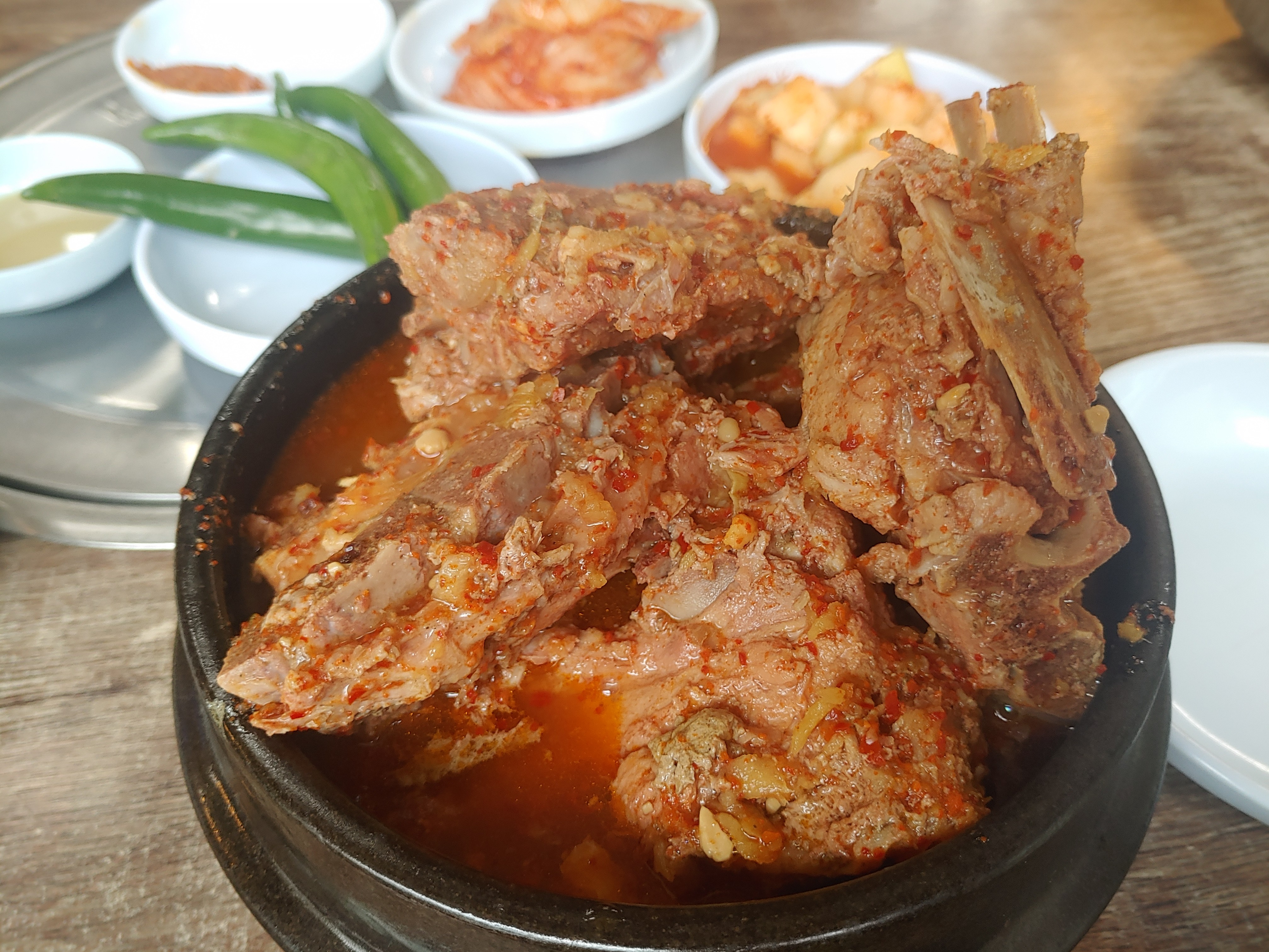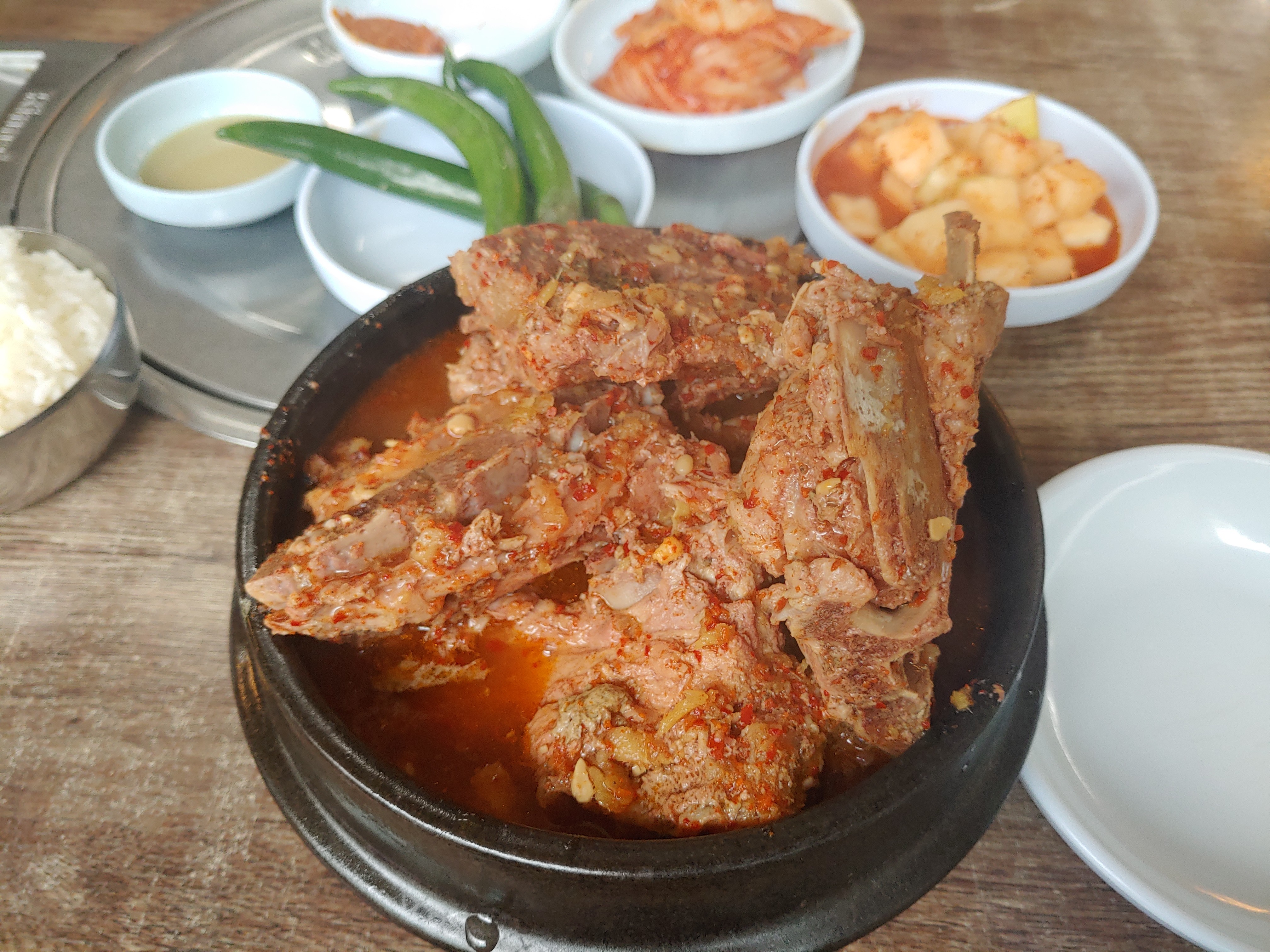 개인적으로는 사실 뼈해장국 집에서는 깍두기가 맛있는 곳이 정말 엄청 맛있는 곳이라고 생각을 하기도 하는데요. 그만큼 깍두기는 깔끔하고 달달한 맛이 감자탕 국물과 정말 잘 어울리는 깍두기에요. 그리고 고추도 쌈장에 찍어먹으면 같이 곁들이기 참 좋구요.
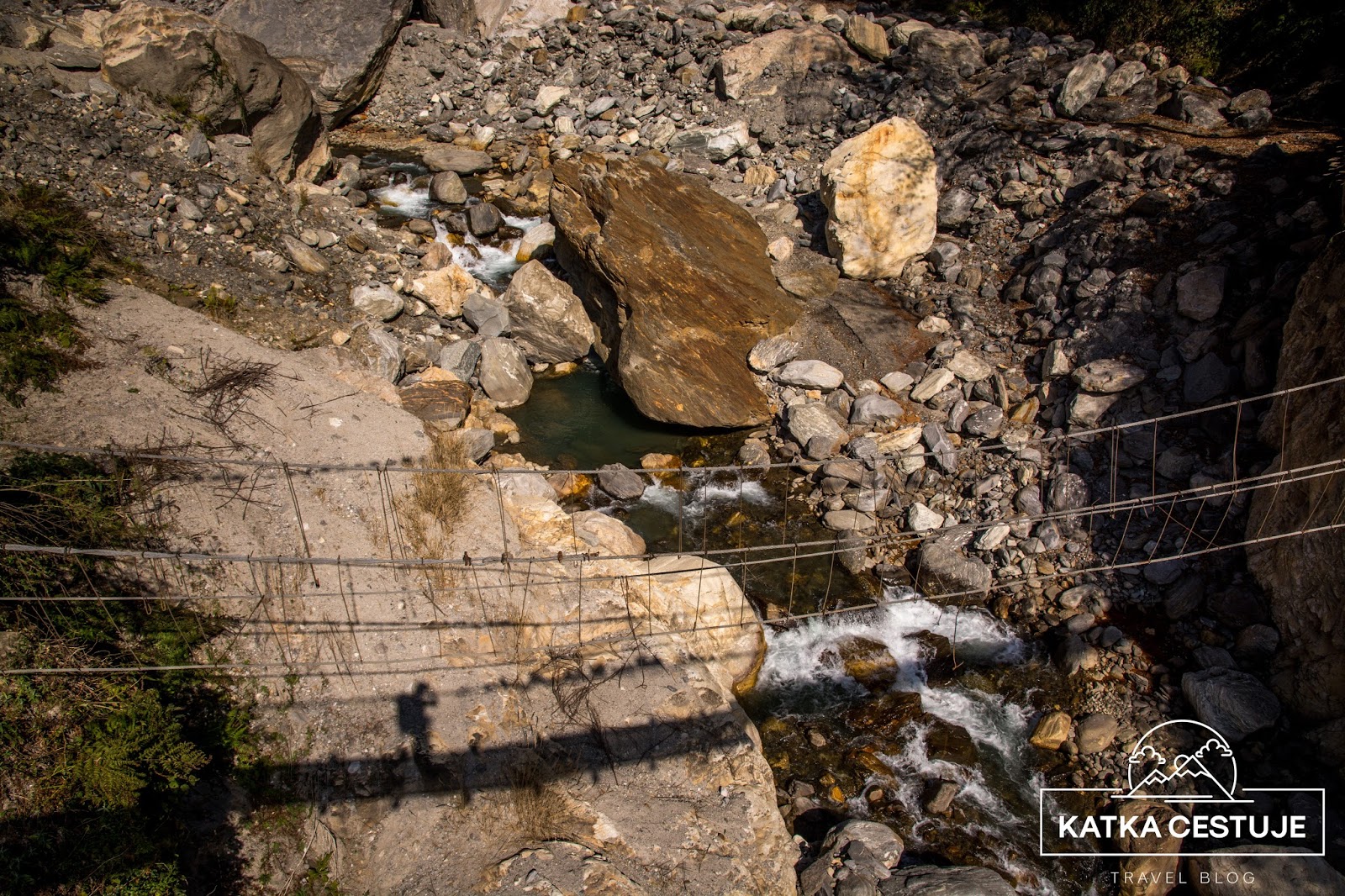 Tohle vás probere mnohem líp než studená sprcha. Prostě magie! Po snídani hned vyrážíme dál, dnes nás čeká spousta dalších sešupů a výšlapů, během kterých se už napojíme na hlavní trasu treku Annapurna Sanctuary vedoucího do základního tábora Annapurny. Dnešek bude vlastně taková spojovací trasa, trošku méně turistická a za mě jedna z nej částí treku (pokud se tak rozlišná krajina dá nějak porovnávat). Většinu cesty procházíme malými vesničkami, lodgí je tu jen minimum a my tak krásně vidíme, jak tu lidé doopravdy žijí. Hned na začátku pořádně klesáme do vesničky Chuile, kde na nás okamžitě mocně dýchne pravá rurální atmosféra horského života Gurungů.
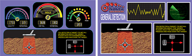 Vous pouvez voir le métal, les vides clairement sur ​​l'écran Sous 2 formes différentes: par les jauges ou numériquement. En outre, vous pouvez déterminer le point de pic et donc facilement identifier la cible.
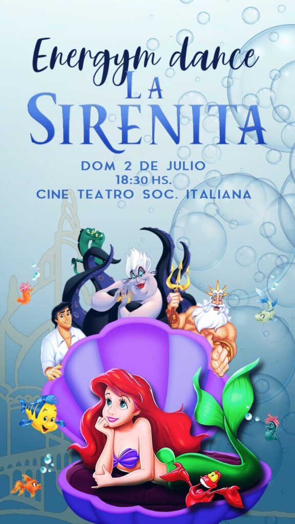La escuela de baile Energym and Dance ya tiene una nueva obra para esta temporada. El próximo domingo 2 de julio estrenará “La Sirenita, el musical” en Sociedad Italiana de Morteros.

• [Task instructions]
Drop the pictures, then reproduce exactly the lines from the one with "Tohle vás probere" through the final line of the listing.

• [Exercise output]
 Tohle vás probere mnohem líp než studená sprcha. Prostě magie! Po snídani hned vyrážíme dál, dnes nás čeká spousta dalších sešupů a výšlapů, během kterých se už napojíme na hlavní trasu treku Annapurna Sanctuary vedoucího do základního tábora Annapurny. Dnešek bude vlastně taková spojovací trasa, trošku méně turistická a za mě jedna z nej částí treku (pokud se tak rozlišná krajina dá nějak porovnávat). Většinu cesty procházíme malými vesničkami, lodgí je tu jen minimum a my tak krásně vidíme, jak tu lidé doopravdy žijí. Hned na začátku pořádně klesáme do vesničky Chuile, kde na nás okamžitě mocně dýchne pravá rurální atmosféra horského života Gurungů.
 Vous pouvez voir le métal, les vides clairement sur ​​l'écran Sous 2 formes différentes: par les jauges ou numériquement. En outre, vous pouvez déterminer le point de pic et donc facilement identifier la cible.
La escuela de baile Energym and Dance ya tiene una nueva obra para esta temporada. El próximo domingo 2 de julio estrenará “La Sirenita, el musical” en Sociedad Italiana de Morteros.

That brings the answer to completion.